Toxicity results from social-emotional learning. This indoctrinates students toward empathy and compassion—not truth and science. The reality is that cognition, truth and logic—as well as conversation and friendly disagreements—have all but disappeared from public discourse. What is the nation’s state now, as a result of all of this confusion?

  • Toxicity adds to isolation. Mary Pipher authored Writing to Change the World. Pipher observed, “We no longer live in a culture where we know most of the people we encounter.” According to McPherson, Smith-Lovin, and Brashears, whose research analyzes nearly two decades of American culture, people tend to feel more isolated than ever. This, of course, is a byproduct of the usage of ubiquitous technology and social media platforms.
  • Toxicity adds to discourse difficulties. The axiom of agreeing to disagree agreeably has been shelved as a virtue no longer worth practicing. America is now realizing the cost of this across generations.
  • Toxicity adds to easy offenses. We are living during peculiar times. Michael Barone refers to these times as a contrast between soft and hard America. Some would argue that people are softer today and do not really understand the meaning of hardship. People are too easily offended by almost everything and almost everyone these days. This is especially true in the political realm.
  • Toxicity adds to the refusal to engage. Americans are becoming more hardened with overuse of certain terms. Such is the case with the term “People are less empathetic these days. But from ages eighteen to thirty, Americans live mostly in hard America—the parts of American life subject to competition and accountability.” As a nation, we must question the number of toxic experiences that our children and young adults contend with regularly.

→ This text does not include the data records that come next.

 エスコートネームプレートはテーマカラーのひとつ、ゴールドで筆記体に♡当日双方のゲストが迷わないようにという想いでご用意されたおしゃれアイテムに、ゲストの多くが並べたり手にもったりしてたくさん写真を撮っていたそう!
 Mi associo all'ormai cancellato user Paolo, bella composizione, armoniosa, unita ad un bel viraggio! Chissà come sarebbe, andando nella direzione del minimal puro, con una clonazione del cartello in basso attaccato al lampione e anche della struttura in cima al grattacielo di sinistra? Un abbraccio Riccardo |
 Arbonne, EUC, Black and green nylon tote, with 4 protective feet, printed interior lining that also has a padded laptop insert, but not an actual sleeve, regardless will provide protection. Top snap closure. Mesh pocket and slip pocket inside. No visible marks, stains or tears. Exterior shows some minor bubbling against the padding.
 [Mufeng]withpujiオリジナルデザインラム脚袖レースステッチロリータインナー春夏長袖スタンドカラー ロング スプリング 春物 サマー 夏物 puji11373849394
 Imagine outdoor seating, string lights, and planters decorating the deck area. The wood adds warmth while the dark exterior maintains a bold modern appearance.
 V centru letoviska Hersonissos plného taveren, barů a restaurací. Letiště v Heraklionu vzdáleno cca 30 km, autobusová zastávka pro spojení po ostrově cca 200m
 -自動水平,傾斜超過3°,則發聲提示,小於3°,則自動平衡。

Most education research indicators point to toxicity’s negative effects on students and civic interpersonal engagement.

 

Toxicity as Related to the Indoctrination of Students

Over 50 million American K-12 students are squarely in the middle of the nation’s so-called education model. Nearly all public schools have now completely sold out to what is referred to as the social agency model of educating the whole child. One of the hallmarks of this model is indoctrination.

Classrooms are toxic when the current secular whole-student education ideology does not instruct students on how to handle disagreements. Educating about something should not be confused with advocating for something. The former is proper. The latter cultivates activists and done so through the process of indoctrination and see this in the whole student ideology.

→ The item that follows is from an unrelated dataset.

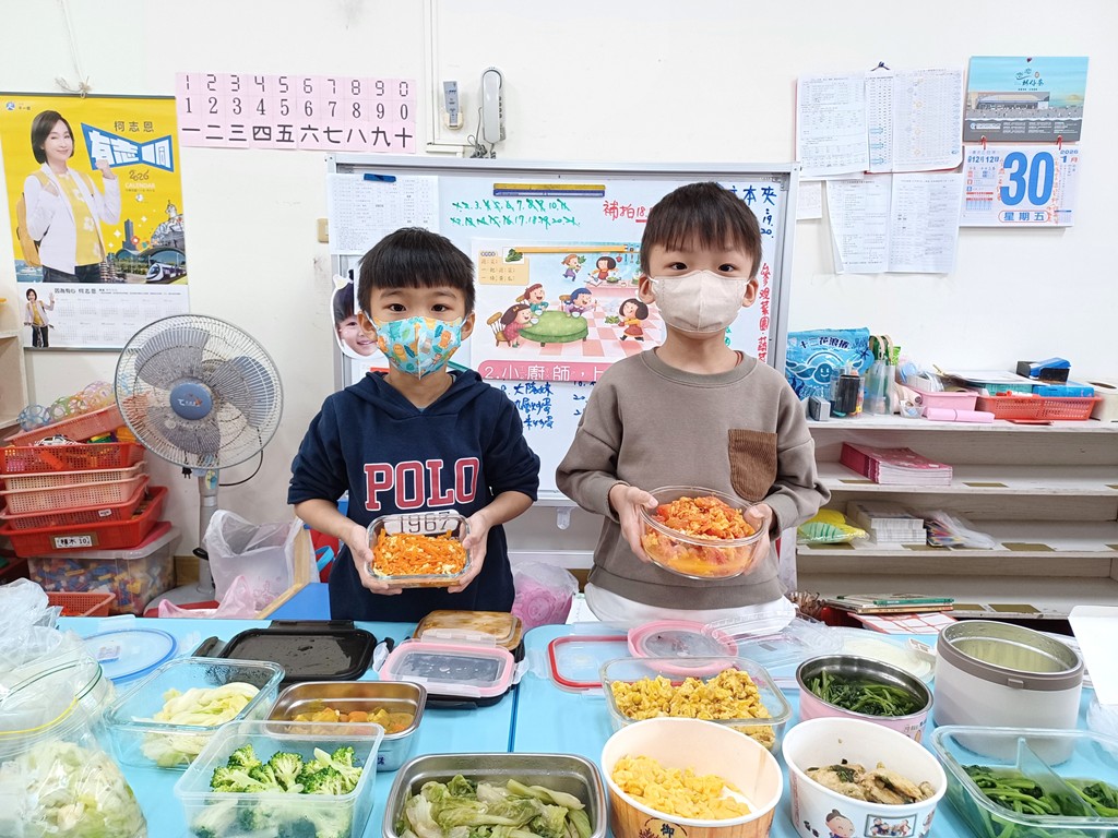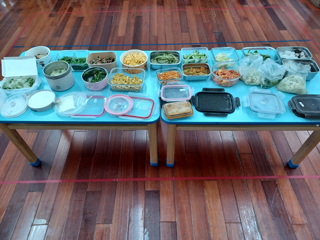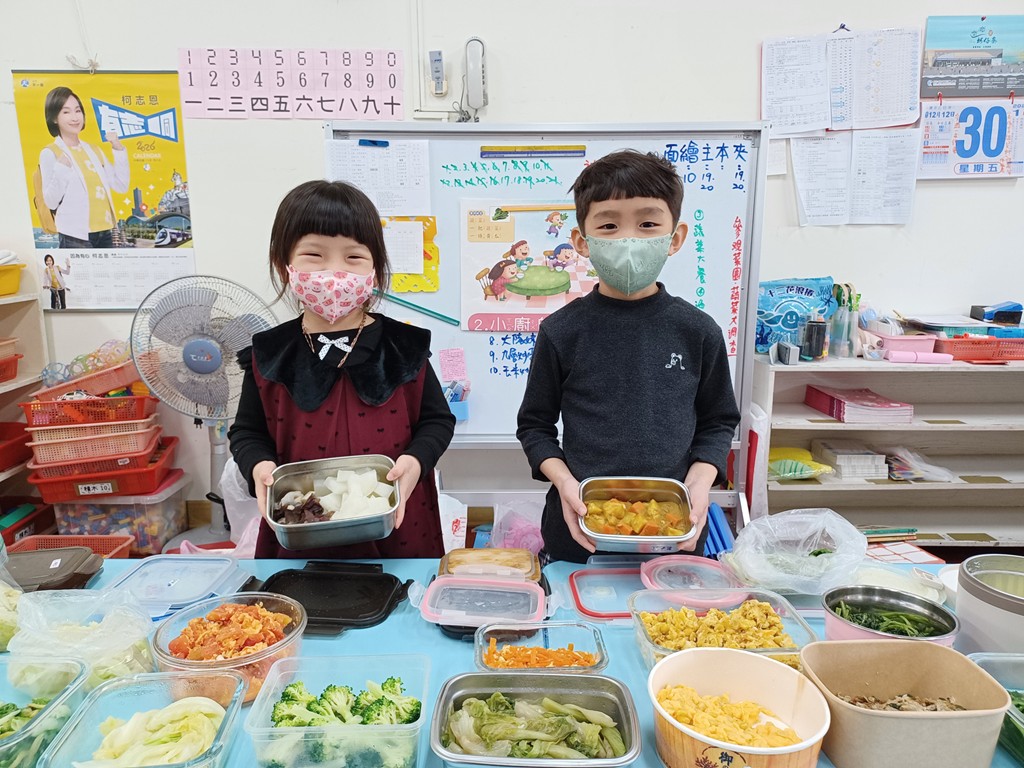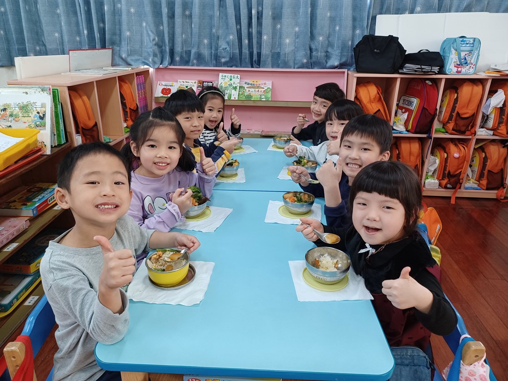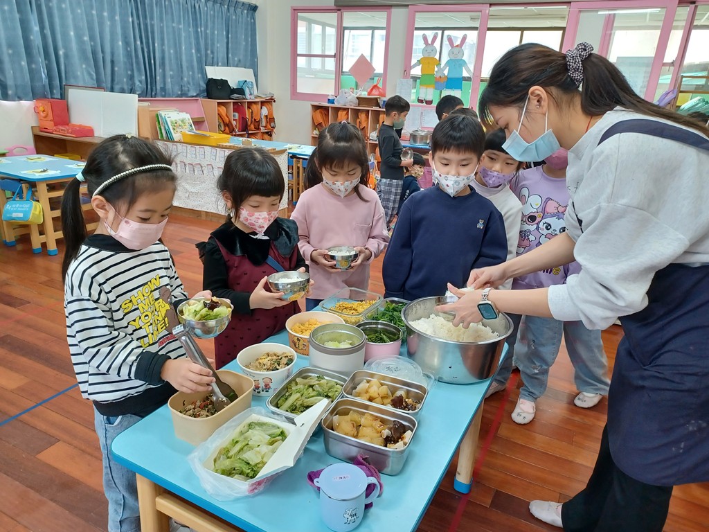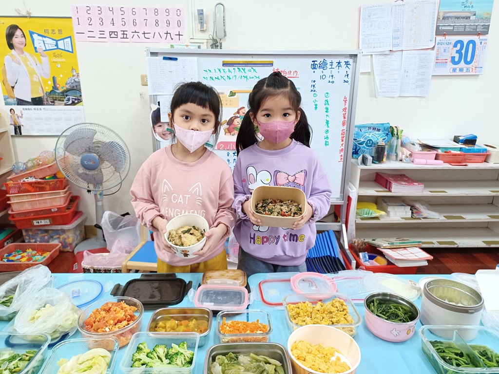 主題進行至尾聲,孩子想要品嚐〝蔬菜大餐〞,於是討論後,每人從家裡帶一道蔬菜料理來一起享用。希望透過活動的進行,讓孩子願意品嚐各種蔬菜的口感與味道,進而愛上吃蔬菜,知道食物得來不易。

The truth is, that educating with the whole child approach comes with an agenda to assert control over young minds and hearts. The influences upon students’ emotions focus squarely on causing doubt by adding a form of indoctrination through empathy and equity into the discourse.

 

Toxicity as Related to Educators and Colleagues

Many educators today are more socially active than in the past. This is more egregious among faculty at colleges and universities. Educators who intentionally influence students toward side-taking by seeking to evangelize them to one or more particular positions are harmful to students. Heavily weighted faculty hires, especially in the humanities departments, often belong to one political party. This type of exclusivity breeds toxic environments, often seen when the existing echo chamber is perceived as infiltrated.

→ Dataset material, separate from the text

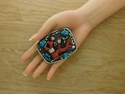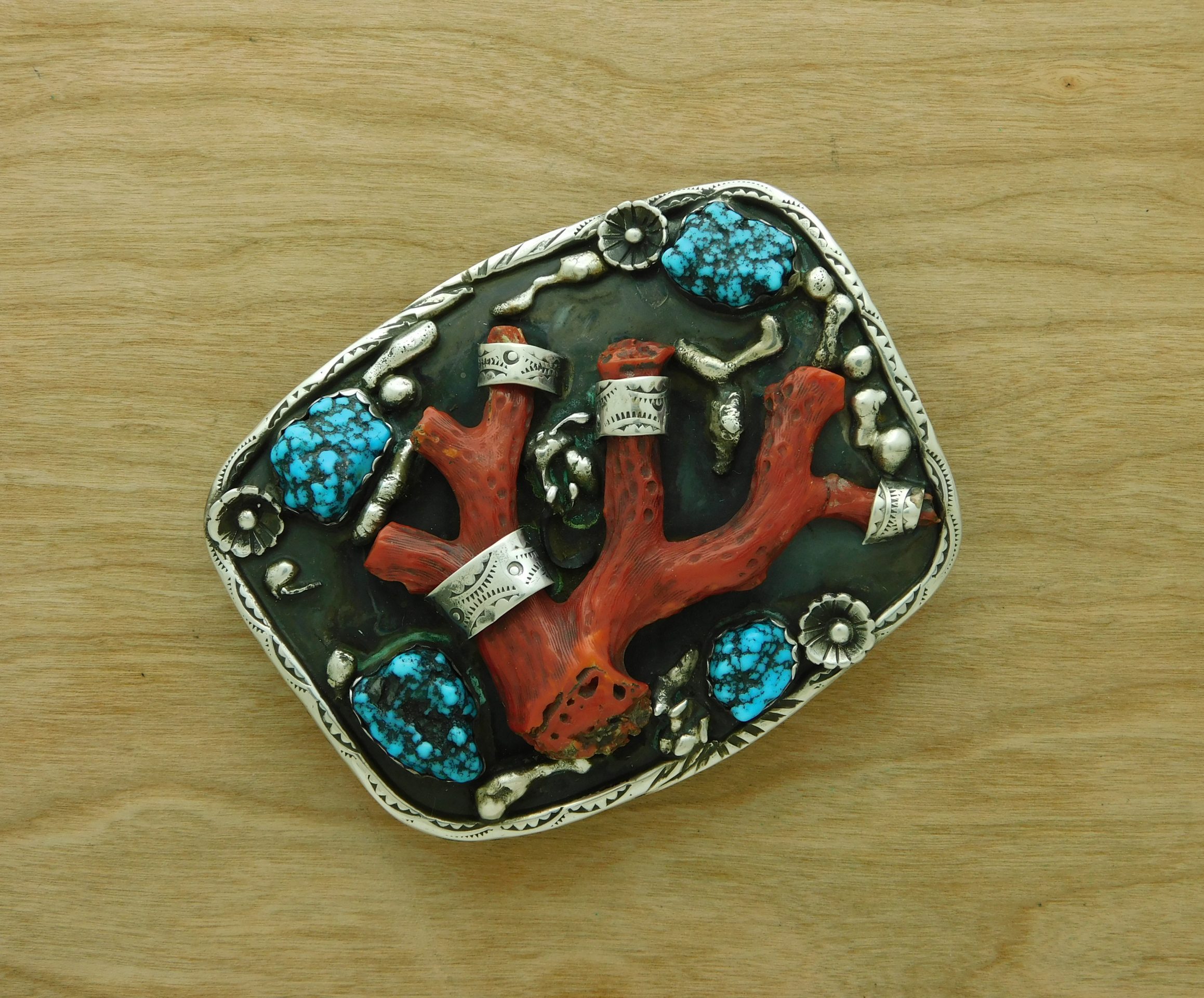 - Fabulous Sleeping Beauty Turquoise and Branch Coral Sterling Silver belt buckle.

A toxic educator is an instructor who either intentionally or unintentionally harms or is patently dismissive of children through words, actions, reactions, emotions, body language, targeted physical discipline, and even inappropriate relationships. A toxic faculty member often enjoys confrontation, leading to severe collegial and personal relationships.

A brief survey of the literature on characteristics of a toxic educator yielded five common traits. These include:

(1) Envying of students’ successes and focus on students’ flaws.

(2) Ridiculing students and coming across as a bully, claiming a motivation tactic.

(3) Negative feedback focuses on student work.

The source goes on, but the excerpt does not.